### Dataset records
= = =

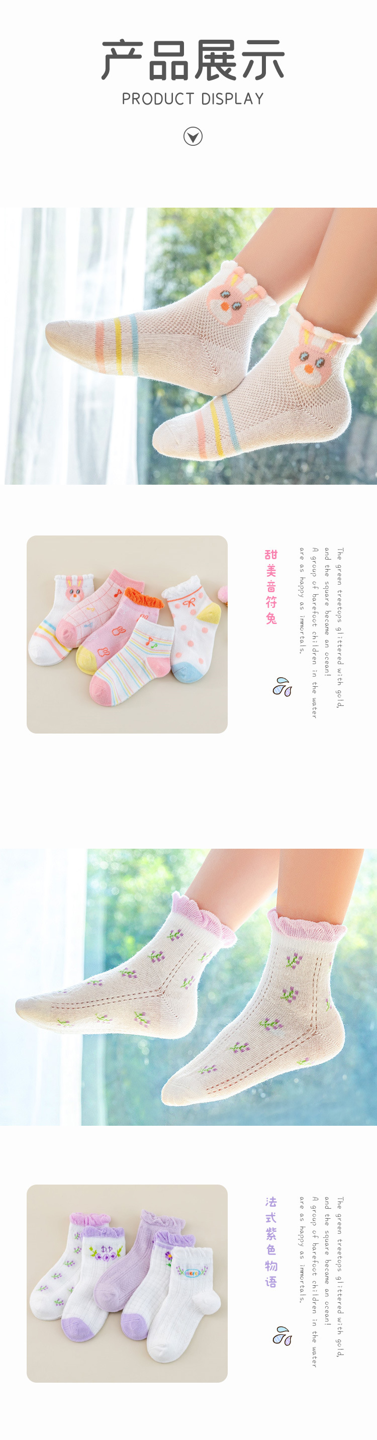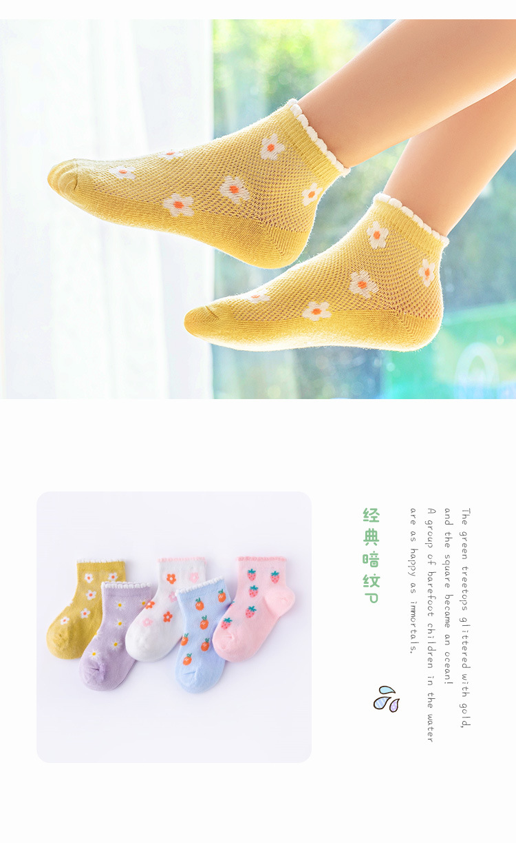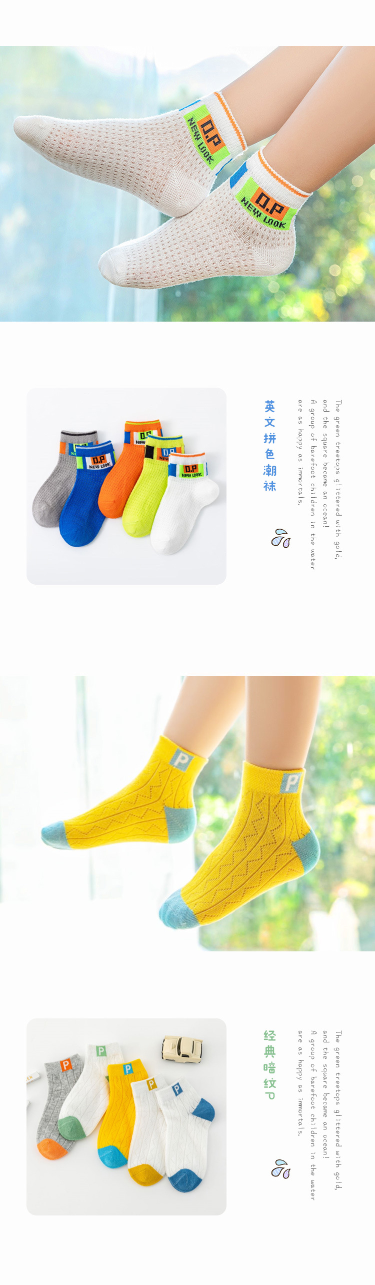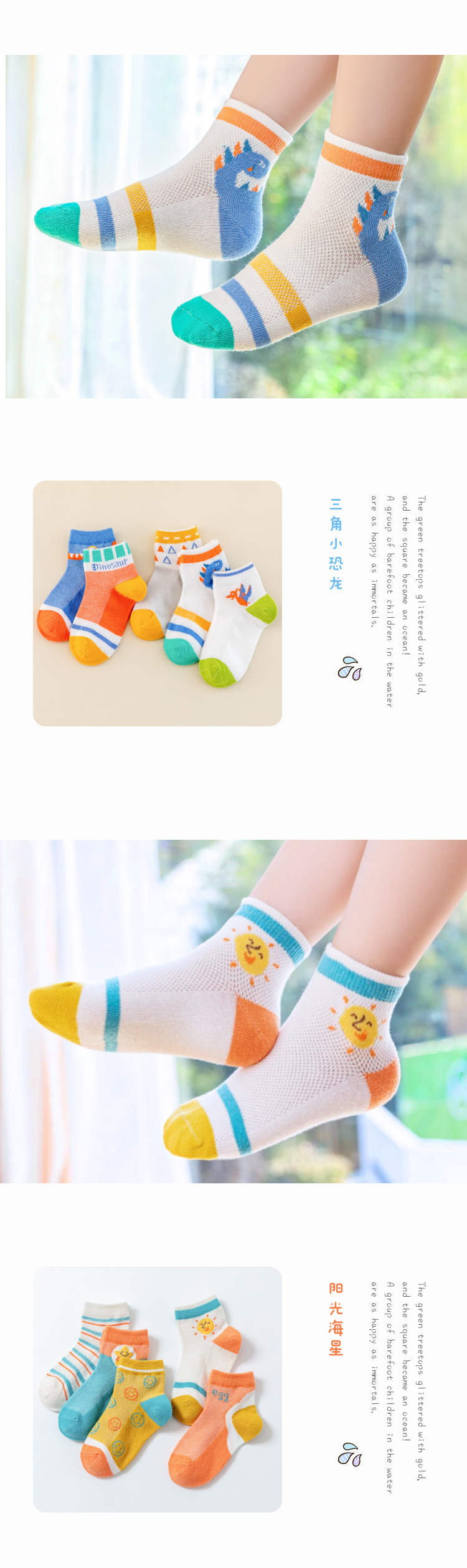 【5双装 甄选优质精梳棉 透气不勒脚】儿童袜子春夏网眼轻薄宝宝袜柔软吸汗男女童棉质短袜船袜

= = =

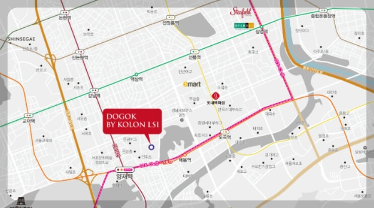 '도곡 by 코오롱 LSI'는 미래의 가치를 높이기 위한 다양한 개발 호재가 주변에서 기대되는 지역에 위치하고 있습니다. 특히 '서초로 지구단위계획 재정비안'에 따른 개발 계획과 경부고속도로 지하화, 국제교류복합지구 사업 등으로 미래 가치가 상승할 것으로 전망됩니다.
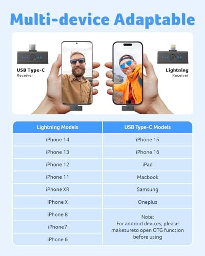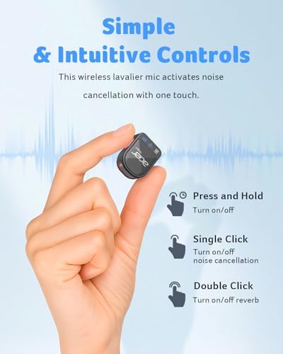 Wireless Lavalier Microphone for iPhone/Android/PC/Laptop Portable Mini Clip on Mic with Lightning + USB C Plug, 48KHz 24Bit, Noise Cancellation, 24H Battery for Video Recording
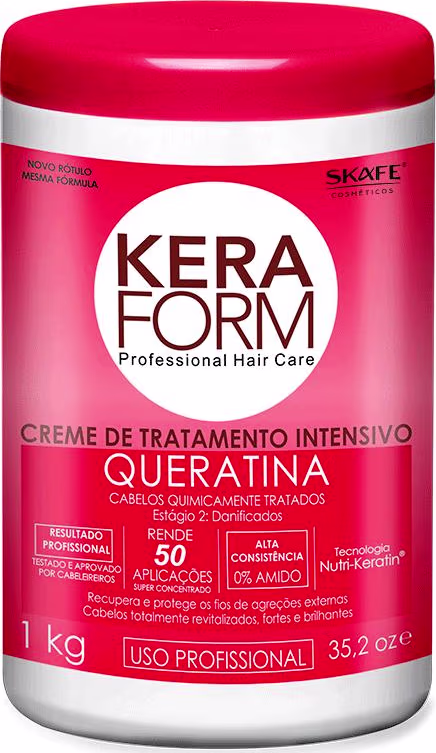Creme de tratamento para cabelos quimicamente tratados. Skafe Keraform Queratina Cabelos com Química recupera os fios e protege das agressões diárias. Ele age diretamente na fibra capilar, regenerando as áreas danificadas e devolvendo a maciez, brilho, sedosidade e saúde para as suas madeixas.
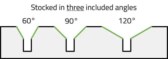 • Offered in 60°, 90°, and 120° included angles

= = =

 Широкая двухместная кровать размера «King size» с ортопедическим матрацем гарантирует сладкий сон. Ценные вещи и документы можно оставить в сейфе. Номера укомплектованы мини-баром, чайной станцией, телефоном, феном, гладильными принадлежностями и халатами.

= = =

### Task goal
From the records above, return exactly the lines running from the one that contains "Creme de tratamento" down to the one that contains "120° included angles", both included, without any pictures.

### Answer to this task
Creme de tratamento para cabelos quimicamente tratados. Skafe Keraform Queratina Cabelos com Química recupera os fios e protege das agressões diárias. Ele age diretamente na fibra capilar, regenerando as áreas danificadas e devolvendo a maciez, brilho, sedosidade e saúde para as suas madeixas.
 • Offered in 60°, 90°, and 120° included angles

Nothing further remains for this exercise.